Dataverse: Ingest: Provide more robust ingest for Excel and CSV

Created on 9 Jul 2014 · 39Comments · Source: IQSS/dataverse

Author Name: Kevin Condon (@kcondon)
Original Redmine Issue: 4014, https://redmine.hmdc.harvard.edu/issues/4014
Original Date: 2014-05-21
Original Assignee: Eleni Castro

The initial Excel ingest implementation is a proof of concept -it supports rectangular columns and rows of string and numeric types.

More functionality may be required, for example dates, missing value support, variable labels, but it is unclear what is typically expected from researchers who use Excel to store their data.

This ticket is a place holder to investigate a concrete set of requirements for a more robust Excel ingest.

As a side note, there are a number of "How to use Excel for Research Data" guides posted by various universities out there that may answer some questions and provide a starting point.

File Upload & Handling Feature Depositor

Source

eaquigley

All 39 comments

@posixeleni Any update on this?

eaquigley on 27 Aug 2014

@eaquigley Will need to review the documentation mentioned above to see if it can help.

@landreev have you had any luck with this?

posixeleni on 2 Sep 2014

Will need to move this to another milestone.

posixeleni on 12 Sep 2014

@kcondon @landreev Found some best practices on how we can ingest Excel files https://oit.utk.edu/research/documentation/Documents/HowToUseExcelForDataEntry.pdf but not sure if these would be applied across the board by all researchers and how we would handle them exactly in Dataverse:

All your data should be in a single spreadsheet of a single file. [Eleni: what would we do if someone sent us an excel spreadsheet with multiple workbooks? only load the first one and put in our documentation that this is what we do?]
Enter variable names in the first row of the spreadsheet.
Variable names cannot contain spaces, but may use the underscore character. [Eleni: What would we do if variable (header) names did contains spaces?
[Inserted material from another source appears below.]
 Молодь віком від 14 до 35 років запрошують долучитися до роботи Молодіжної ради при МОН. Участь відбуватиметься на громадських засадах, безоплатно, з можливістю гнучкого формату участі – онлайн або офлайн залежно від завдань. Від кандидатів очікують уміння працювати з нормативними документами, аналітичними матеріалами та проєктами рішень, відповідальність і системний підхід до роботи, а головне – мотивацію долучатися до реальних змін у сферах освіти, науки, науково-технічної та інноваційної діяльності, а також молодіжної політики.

Replace spaces with underscores?]
No blank rows should appear in the data. [Eleni: Would we programmatically remove all blank rows?]
For missing values, leave the cell blank. Although SPSS and SAS use a period to represent a missing value, if you actually type a period in Excel, stat packages will read the column as character data so you
won’t, for example, be able to calculate even the mean of a column. [Eleni: can we make sure we record these as N/A values?]
You can enter dates with slashes (6/13/2003) and times with colons (12:15 AM). [Eleni: Is this something our system can look for and store them as dates and times?]

@eaquigley Assigning to @scolapasta to see if this is something we can schedule for 4.0 or if it needs to be moved to 4.1.

posixeleni on 15 Oct 2014

Probably best to just move this to 4.1, but first checking with @landreev if there are any low hanging fruit here

scolapasta on 6 Jan 2015

@posixeleni :
Eleni, I've spoken to Gustavo and Liz about this; we decided that we'll attend to putting together any best practices/guidelines documentation in 4.1.
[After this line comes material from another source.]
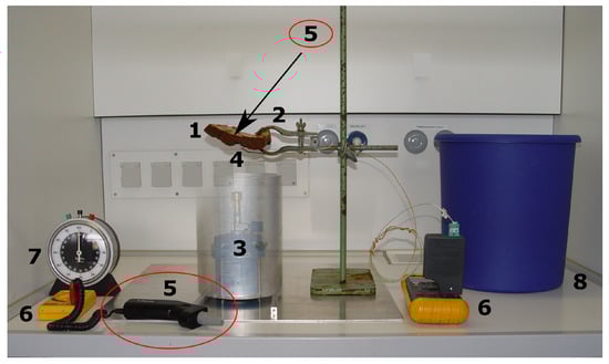 Experimental set-up for fire-tolerance analyses in the fume cupboard. A bark sample (1) is clamped (2) at a height of 43 cm over (3) a Bunsen burner with a flame length of about 20 cm. Additionally, the Bunsen burner can be protected by a hollow aluminum cylinder (indicated as “see-through” in the picture). The flame temperature is measured by (4) a thermocouple, and the temperature of the inner bark surface, i.e., the position of the cambium in the living tree, is measured in a contactless manner by (5) an infrared thermometer (position indicated). Data are recorded via (6) a computer. Time is measured by (7) a stopwatch. As a precaution, (8) a bucket of water should be available to throw in any bark samples that catch fire.

In the short run though (for 4.0), any chance you know of any real-life Excel files, that any of our partners would actually want to ingest as tabular data?

I'll try and run the ingest thingy on more XLSX files from production; but if you have any extra leads - please let me know.

landreev on 30 Jan 2015

@landreev unfortunately my leads for getting real-life Excel files from our partners fell through. They never sent me any after several follow-up attempts. Sorry I couldnt be of more assistance. But will send some your way if I ever do get some excel data from in-the-wild.

posixeleni on 30 Jan 2015

I mentioned we're looking for XLSX files in the #sciencelab channel at irc.mozilla.org and @kaythaney from @mozillascience tweeted about it! Thanks @kaythaney! She also suggested emailing http://lists.software-carpentry.org/mailman/listinfo/discuss_lists.software-carpentry.org which is an organization @devbioinfoguy is involved in, I believe.

pdurbin on 30 Jan 2015

Any specific type of excel files you're looking for? I'm sure I've got (anonymized) UV-Vis data (absorbance vs. wavelength) kicking around if you want them.

pbulsink on 30 Jan 2015

Greetings! I have a ton (ok, quite a #) of Excel files I've generated over the past 10 years doing evolution and developmental biology research. Happy to pass a few along.

Interestingly, DataCarpentry (sister group to Software Carpentry (SWC)) is looking to roll out workshops to subject matter areas: biology (genomics) and social sciences first. Structured data/Excel is going to be one of their modules. And its possible that SWC may talk about some of this in their SQL module (http://software-carpentry.org/lessons.html).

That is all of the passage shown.